Dollar Trading Volume (DTV) is on track to register its third highest reading in stock market history.  After the peak of $65 trillion in 2010, DTV fell to $63.5 trillion in 2011 and to only $52.7 trillion last year but is now roaring along at a pace that will take it to nearly $56.7 trillion this year.

The business of the nation is no longer steel, no longer cars, no longer manufacturing at all.  It is no longer computers nor semi-conductors.  And even though health care costs now approach 17% of our gross domestic product (GDP), nothing comes remotely close to the business of stocks. 

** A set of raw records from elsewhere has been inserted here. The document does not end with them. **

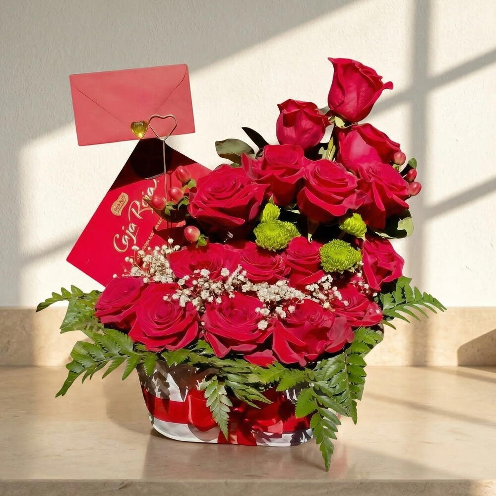 Эта прекрасная цветочная композиция с красными розами, нежной гипсофилой и зелёной ромашкой, дополненная красной коробочкой Nestlé, станет идеальным сюрпризом для особенного человека. Идеально подходит для таких случаев, как годовщина, День святого Валентина или любое другое романтическое торжество. Нотка шоколада добавит этой цветочной корзине неотразимой сладости. Инструкция по уходу: Чтобы цветы дольше оставались свежими, держите их в чистой, регулярно меняемой воде. Избегайте прямых солнечных лучей и сквозняков, чтобы они оставались свежими. Букет может стоять от 5 до 7 дней, в зависимости от ухода.
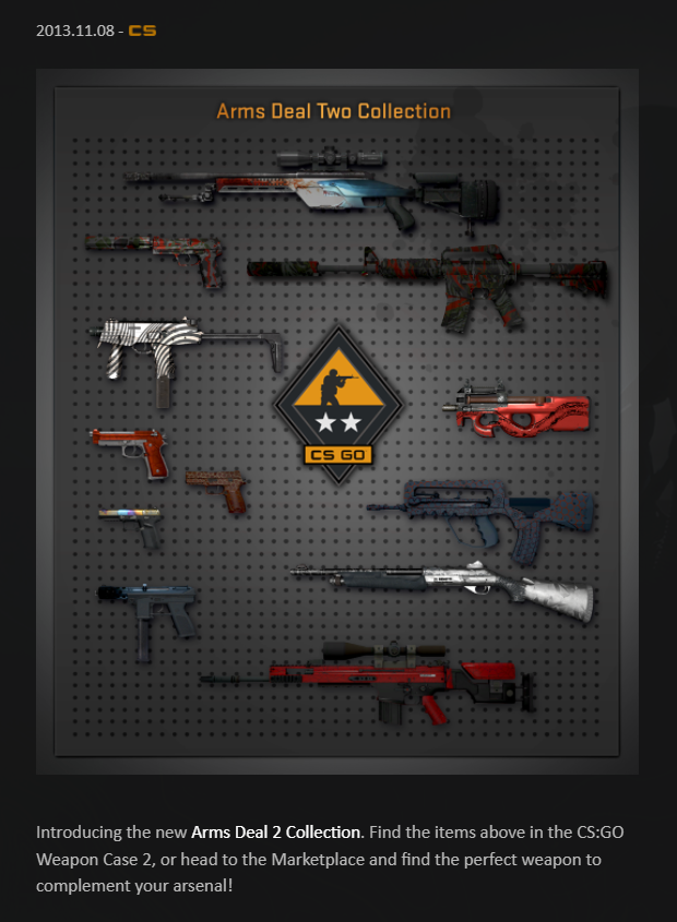 反恐精英武器箱于2013年8月14日更新,当时V社还推出了多款地图收藏品、皮肤掉落、消音M4A1和USP、暗金计数功能,以及市场、交易功能,所以反恐精英武器箱内包含的皮肤也归类为军火交易收藏品。
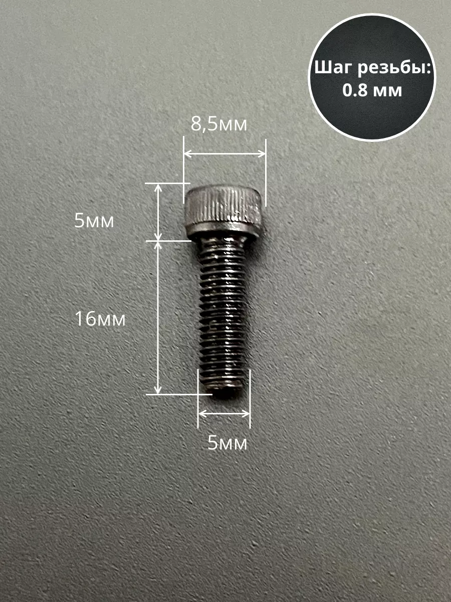 Винт высокопрочный ПР М5х16 мм к.п.12.9 черный DIN912, 10 шт.
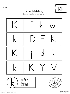 Includes recognizing letters, tracing and printing letters, matching uppercase and . Picture letter match · letter k printable worksheet ;
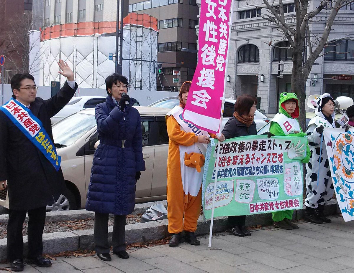 今日は、2区の金倉まさとし予定候補と三ヶ所で街頭宣伝。それぞれ呼び込みをしており、全体で百人をこえる方々が集まって下さいました。まさに本番!午後の大通り公園の女性後援会のリレートークも、ぬいぐるみ姿の女性が元気いっぱいでした。pic.twitter.com/MNOxNIMm2F
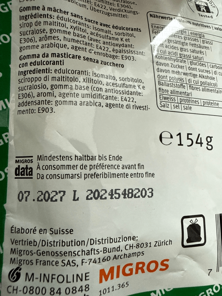 Hi sommerfreude, danke vielmals für deine rasche Rückmeldung. Es macht nichts, dass die Daten nicht mehr vorhanden sind. Deine Beschreibung bezüglich der Probleme mit dem Kaugummi, dass dieser im Mund zerfällt und schnell Geschmack verliert, nehmen wir ernst. Deshalb suchten wir trotzdem den Austausch mit der Fachstelle 😊.

At the current rate, transactional velocity as represented by DTV amounts to more than 2.8 times total stock market capitalization and nearly 3.5 times our GDP.  Every day, the economy generates an average of roughly $45 billion in business.  During the holiday season, which is responsible for the lion's share of retail, that number probably doubles.  However, stocks trade only on weekdays and an average of $225 billion is traded daily, five times as much as GDP. 

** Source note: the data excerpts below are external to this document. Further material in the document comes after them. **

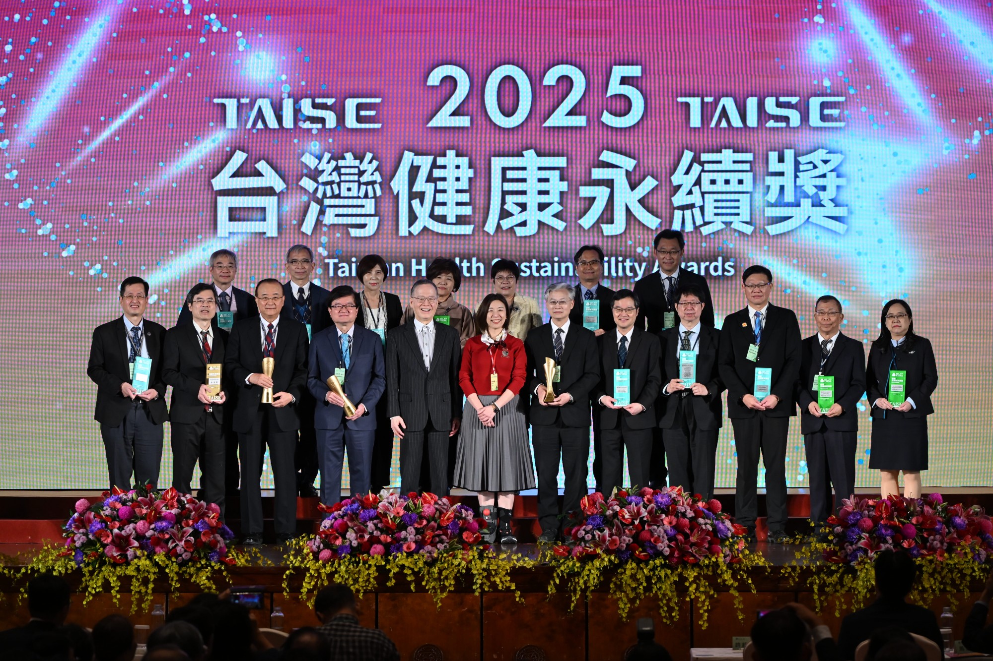 TAISE董事長簡又新大使(前左五)、衛福部次長林靜儀(前右七),與醫院受獎代表合影。(TAISE提供)
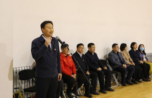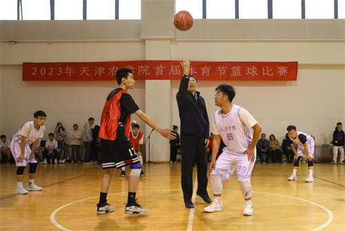 宋涛宣布英国365上市公司官网首届体育节篮球比赛开赛,张民为首届体育节篮球比赛开球。此次篮球比赛共有11支学院代表队500余名学生参加。
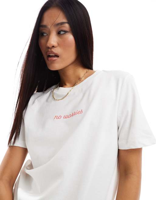 Pieces - T-shirt à imprimé « No Worries » - Blanc
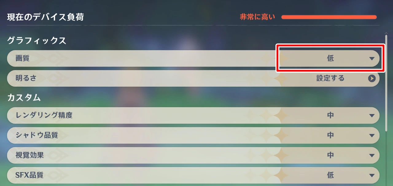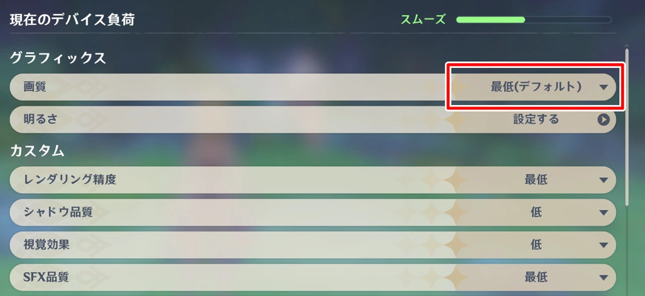 ▼画質設定はデフォルト状態で "最低" に設定されており、デバイス負荷は "スムーズ" の状態。
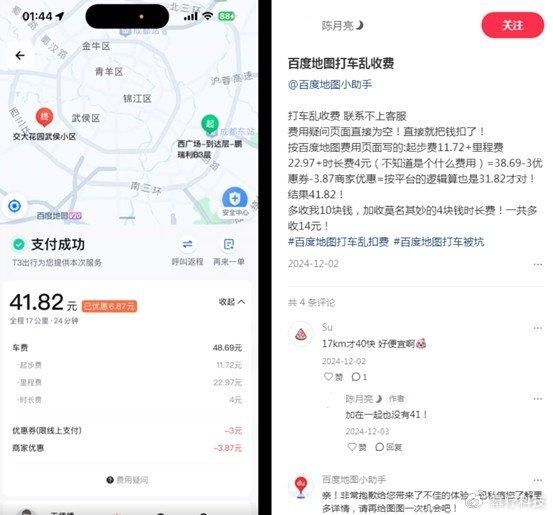 其中,一位小红书用户陈女士表示,自己使用百度地图打车后被乱收费,事后还联系不上客服,费用疑问页面直接空白,平台还直接就把钱扣了。她表示按百度地图费用页面写的:起步费11.72+里程费22.97+时长费4元=38.69-3优惠券-3.87商家优惠=按平台的逻辑算也是31.82。结果最后平台扣费41.82,再加上4块钱时长费,一共多扣费14元。

There is no business bigger than stocks.  In fact, as seen above, the current situation is a replay of what occurred in the Roaring Twenties ending in 1929, the Tech Mania in 2000 and again as the housing mania peaked in 2007. 

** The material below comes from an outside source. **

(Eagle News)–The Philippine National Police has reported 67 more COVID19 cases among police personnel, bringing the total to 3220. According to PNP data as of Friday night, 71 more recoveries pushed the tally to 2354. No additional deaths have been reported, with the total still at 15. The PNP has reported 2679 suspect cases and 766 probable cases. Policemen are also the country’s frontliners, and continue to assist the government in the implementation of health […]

This is the third stock mania in 13 years.
A streak of madness never seen before.

Manias historically are once in a lifetime events.  The inevitable collapse is typically accompanied by long memories and those that were burned stay away, possibly for the remainder of their lives.  As an illustration, your Editor's father was a stock broker in 1929.  After the crash, whatever stock he had left was tossed into a safe deposit box, where it resided until 1968.  This is a true story, a portio of which was offered by your Editor to Nelson DeMille for his book Gold Coast (see page 46).  The anecdote about the shares of Amerex Corp. is true.

Amazingly, despite a 50% drubbing from 2000-2002, many people were eager to forget and another mania developed not only in housing but in stocks.  But the second mania collapse has led to a complete metamorphosis of the stock market, an arena in which investment has become meaningless.  Stocks trade only for the moment.  Since the long term is of no consequence and holding periods have been cut to the quick, valuations are unnecessary.

Stocks can trade at any level, it does not matter.  Our stock market has been overwhelmed by high frequency trading (HFT).  Many positions last no longer than the time it takes to read this sentence.  Many bids and offers last no longer than the time it takes to punctuate the end of this sentence. 

It's all absurd, bizarre, and as a result, prices are a fantasy.
As you will see below from our article on July 22nd,
stocks remain greatly overvalued....

as they were in March 2000 and October 2007....

a stubborn streak of overvaluation.

The following was the lead article in our September 16, 2013 issue.

Stubborn Streak.

Theory: derivatives aid economic growth and are responsible for economic growth that would otherwise be difficult to achieve.  Wrong.  Adherents of the theory are plentiful in the field of the dismal science  known as economics and they are nearly universal in their beliefs when proponents  come from the banking and brokerage industries.  However, theory is defined as speculation and conjecture based on assumptions drawn from limited knowledge.  A theory that has been proved is no longer theory, it is fact.  The theory that derivatives are responsible for economic growth have long ignored the obvious; they do not provide better economic growth.  In fact, they hamper economic growth.  We will hope to show you overwhelming evidence in today’s rant, and make no mistake, this is a rant.  Over the last few years, we have been acutely aware of what we see as irresponsible stances of the financial industry, those committed to protect investors (such as the SEC) and by the Federal Reserve Board to hide all the facts.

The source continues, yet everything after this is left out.